(Stored entries)
==============================

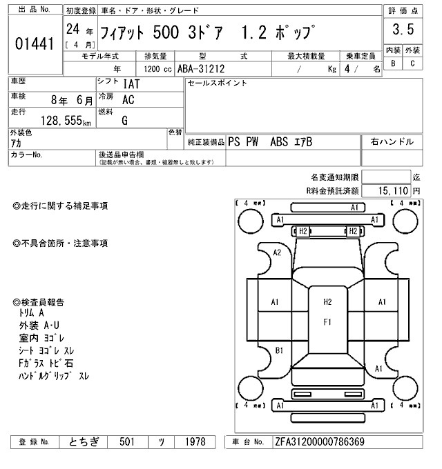 FIAT 500 31212 31212 | 2012 год
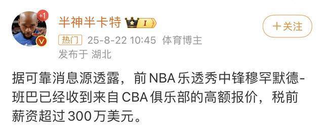 据媒体人《半神半卡特》透露,有cba球队给前nba中锋班巴开出了一份税前超过300万美元的合同。CBA外援工资帽也只有425万美元,这意味着这支球队准备超帽交税了,具备这种资金实力的球队并不多,又渴望争夺总冠军,北京首钢男篮、上海男篮和山西男篮都有可能成为班巴的下家,班巴是2018年nba首轮6号秀,整个nba生涯中规中矩,若他能加盟cba,将会成为头号大牌外援。
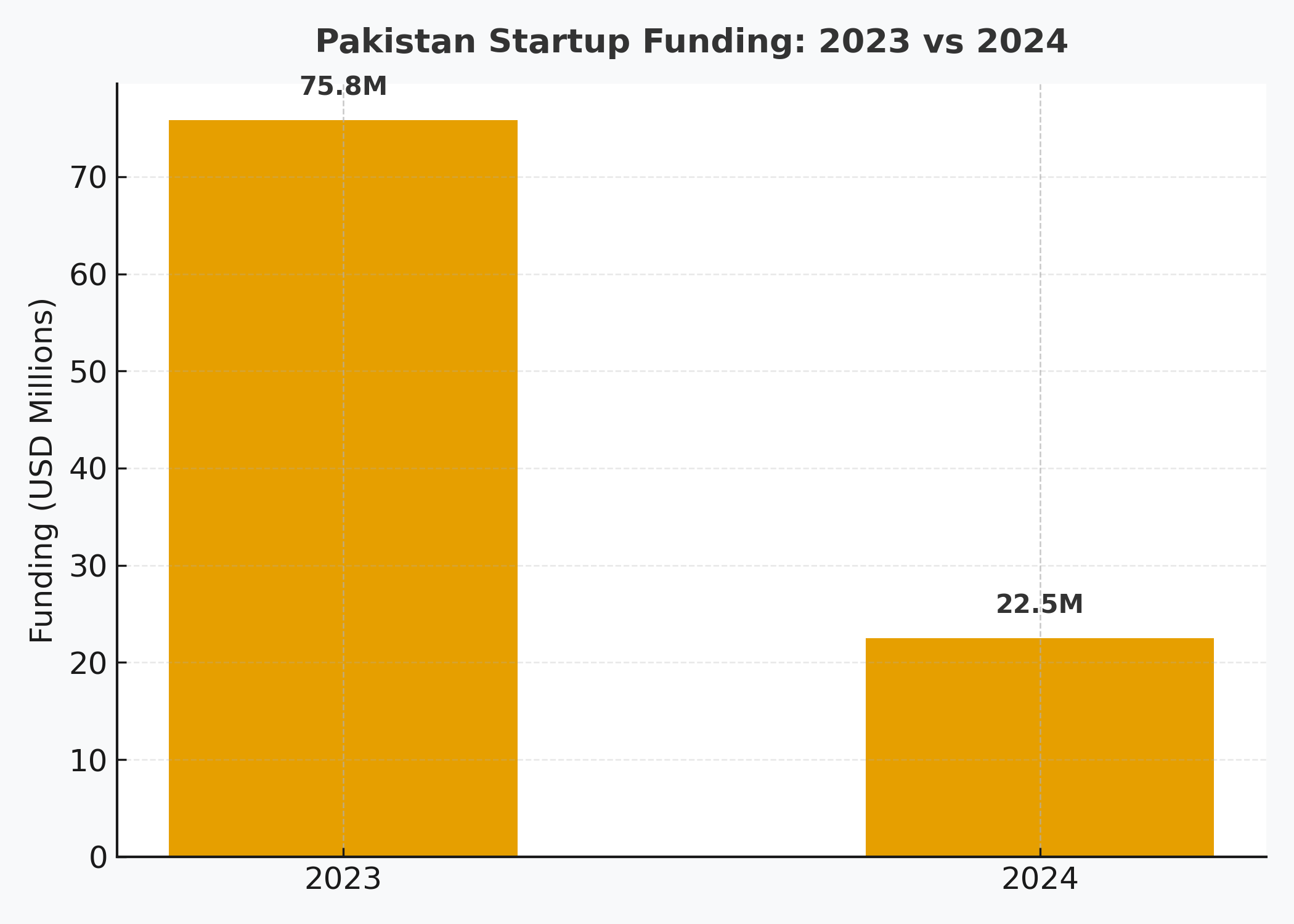 According to i2i Ventures and Invest2Innovate’s 2024 report, startup funding in Pakistan fell by 87% between 2021 and 2024. The reasons are both global and local:
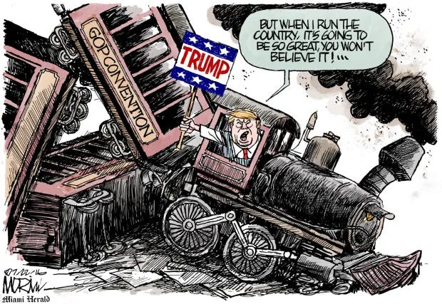 With the new RNC platform, the first since 2016 looking like a near twin to Project 2025 in concept and based on earlier similar efforts like the 1776 Commission Report and Reagan era “fusionist alliances” the MAGA/ GOP is continuing to mold their adherents, no longer principled conservatives, into pliable lemmings who will vote against their own best interests. Tragically, this means that they will take the rest of us down with them. Buoyed with Maga’s fake patriotism, God, Guns and Trump as their ideology of choice, the MAGA/ GOP has shown a remarkable willingness to become act the part of the villain in Trump’s policies and ambitions. January 6th was a near perfect blend of this ideology.
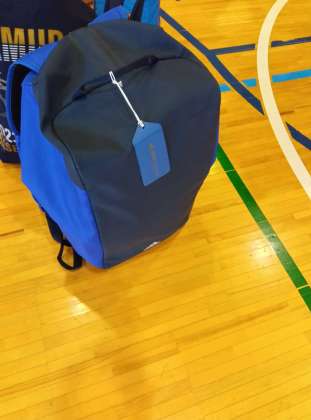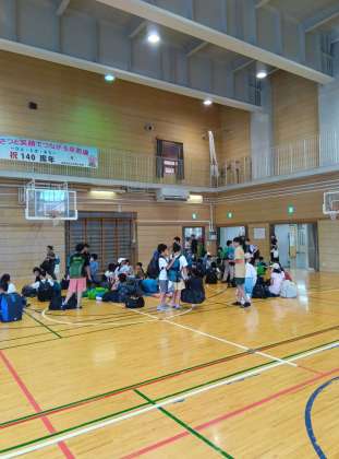 今日から6年生が日光林間学園に出かけます。集合時刻が近付き、子どもたちが大きな荷物を抱えて続々と集まってきました。
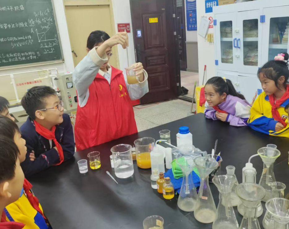 实验活动环节,志愿者以“化学花园”实验为引,指导孩子们观察化学试剂在碱性环境中“绽放”出色彩绚丽的“花园;开启探索之旅“污水变形记”实验里,孩子们见证模拟污水加混凝剂后变清的过程,读懂污水净化原理;“魔法火山秀”通过酸碱反应形成的“岩浆”喷涌奇观,打造沉浸式科学体验,直观的实验现象不仅揭开化学反应面纱,更点燃孩子们对微观世界的好奇与探索欲。
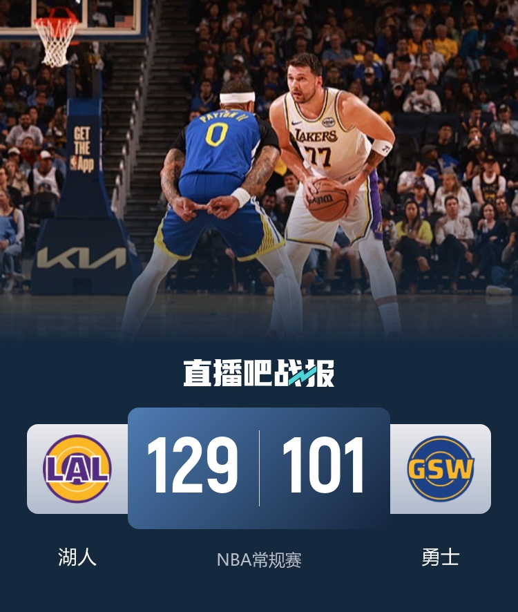 湖人以28分的优势战胜勇士结束三连败 詹姆斯贡献22分7个篮板9次助攻 东契奇在生日夜得到26分_NBA直播
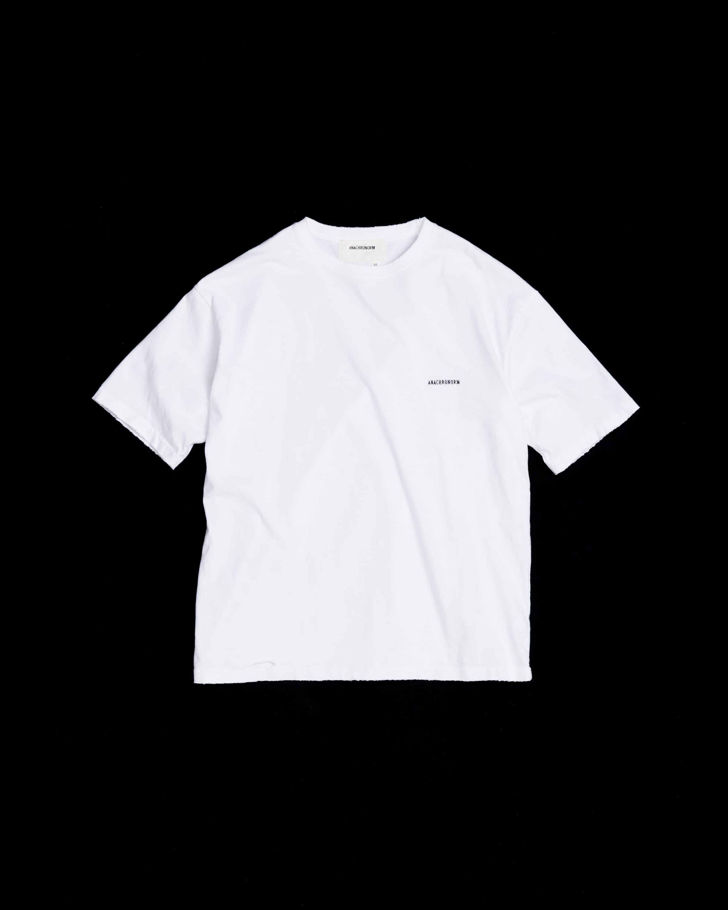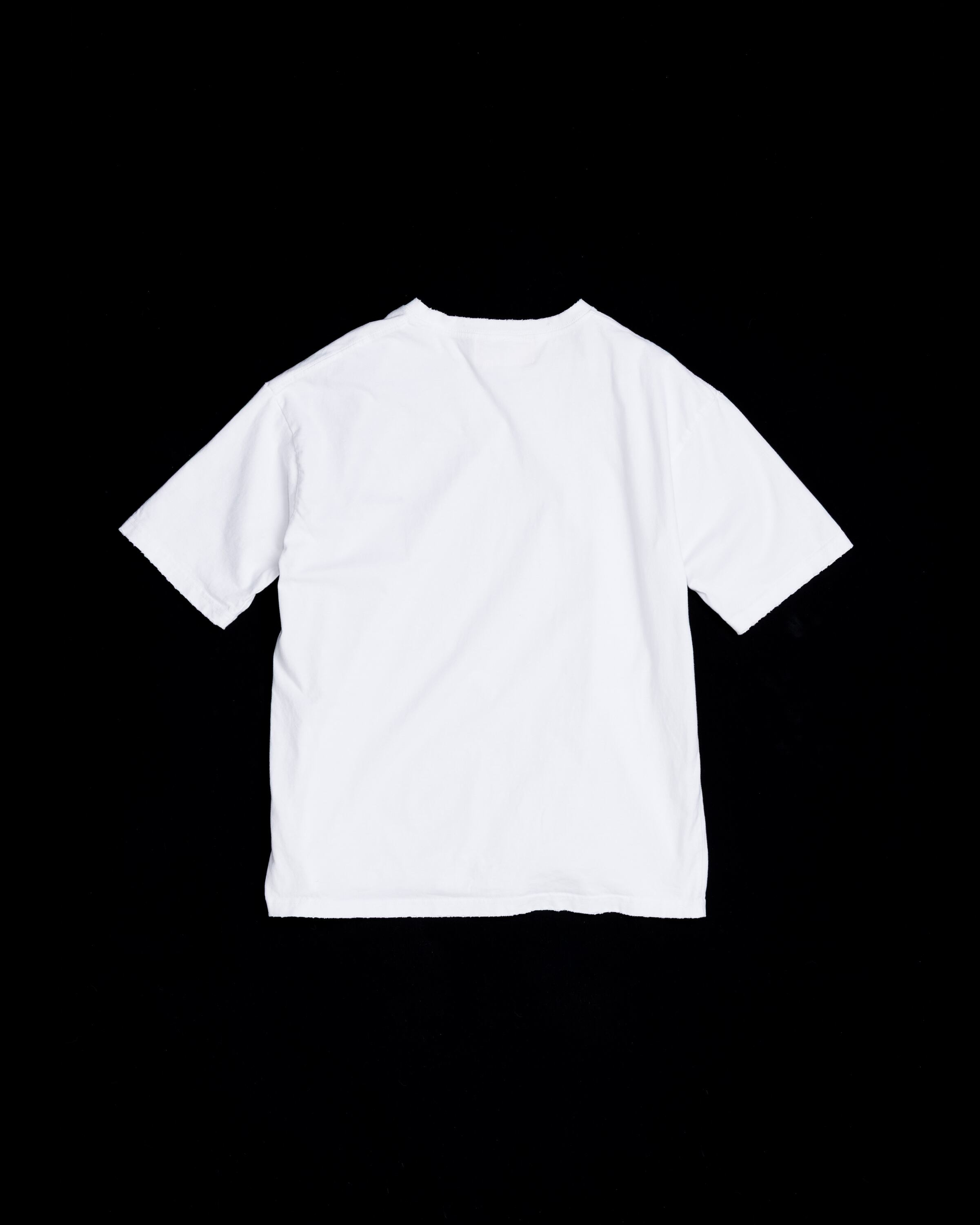 • A minimalist T-shirt featuring a one-point embroidered logo, further enhanced with hand-applied processing.

==============================

YOUR ASSIGNMENT: Your output should be exactly the lines of the records above from the one with "今日から6年生が日光林間学園" through the last, both ends included, with pictures excluded.

RESPONSE BELOW:
 今日から6年生が日光林間学園に出かけます。集合時刻が近付き、子どもたちが大きな荷物を抱えて続々と集まってきました。
 实验活动环节,志愿者以“化学花园”实验为引,指导孩子们观察化学试剂在碱性环境中“绽放”出色彩绚丽的“花园;开启探索之旅“污水变形记”实验里,孩子们见证模拟污水加混凝剂后变清的过程,读懂污水净化原理;“魔法火山秀”通过酸碱反应形成的“岩浆”喷涌奇观,打造沉浸式科学体验,直观的实验现象不仅揭开化学反应面纱,更点燃孩子们对微观世界的好奇与探索欲。
 湖人以28分的优势战胜勇士结束三连败 詹姆斯贡献22分7个篮板9次助攻 东契奇在生日夜得到26分_NBA直播
 • A minimalist T-shirt featuring a one-point embroidered logo, further enhanced with hand-applied processing.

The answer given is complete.